The current work discusses the enhancement of the image following the optimization using the grey-wolf algorithm. The proposed work also used other similar demons registration algorithms to compare the current framework’s effectiveness. In addition, the proposed system has been compared with other optimization methods as well, in which it has reported superior results compared to the frameworks based on cuckoo search, firefly algorithm, particle swarm optimization, and genetic algorithm. Finally, in

Table 13. Effect of grey-wolf optimization-based demons registration.

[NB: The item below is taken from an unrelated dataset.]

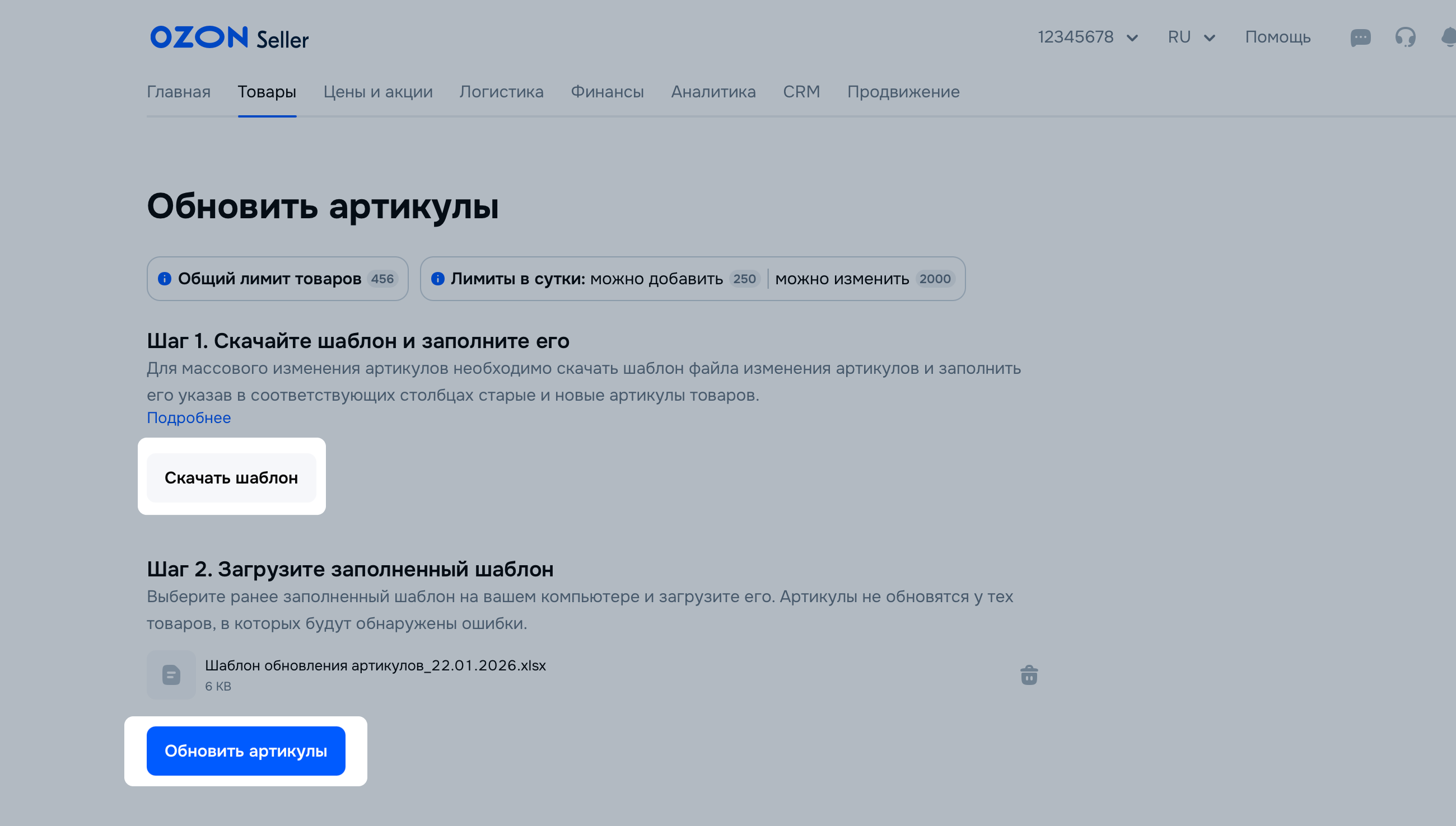 В XLS-шаблоне управляйте артикулами в столбце «Артикул», он обязателен для заполнения. Артикул товара можно редактировать без ограничений.

	Original Parameters	Optimized Parameters	Improvements
Correlation	0.4666	0.9977	53.2324346 (Increase)
MSE	3.6971 × 10−4	8.3585 × 10−5	77.39173947 (Decrease)
MJE	5.3615	5.3007	1.134011004 (Decrease)
NMI	0.4408	0.4920	10.40650407 (Increase)
Registration time/Frame (sec)	443.242591	428.124839	3.41071736 (Decrease)

the overall improvement as a result of the grey-wolf optimization-based retinal image registration has been reported.

Table 13 clearly shows the improvement of image quality following the image registration using grey-wolf optimized parameters. The increase in correlation between original and registered image (with optimized parameters) clearly indicates the improvement of image quality as an effect of optimization and thus reducing the registration error (by 53.23%). Additionally, the reduction of mean-square error following registration supports the claim. The time complexity has also been addressed during this process as it is visible that a 3.41% reduction of time has taken place as a result of using optimization. The reported case is for 1 frame at a time, hence optimization in image registration will address the time complexity problems of registration frameworks that use medical video of large scale.

8. Conclusions

The current work presented an analysis of grey-wolf optimization and its effect on Wang’s demons registration. In the previous work of Lan et al. and Chakraborty et al., Wang’s demons were already proven superior to the existing methods of Tang’s demons and Thirion’s demons. Hence, Wang’s demons was chosen for the current framework. The outcome of the current work showed a grey-wolf optimization-based demons registration framework is one of the fastest and quickest to reach convergence among the existing four meta-heuristic algorithm-based approaches. The results have also indicated that cuckoo search and grey-wolf optimization both produced better resultant images in terms of accuracy of demons registration since it had the highest correlation (0.9977) between original and registered images. The current work is still a pilot in terms of nature. Future work may consist of exploring other meta-heuristic algorithms and combining them with different demons registration framework to analyze the prospect of optimization in the domain of image registration. Future work may include a comparison with the rigid registration method in a similar framework. Multimodal registration is not addressed in the current work, so this might be addressed in future works.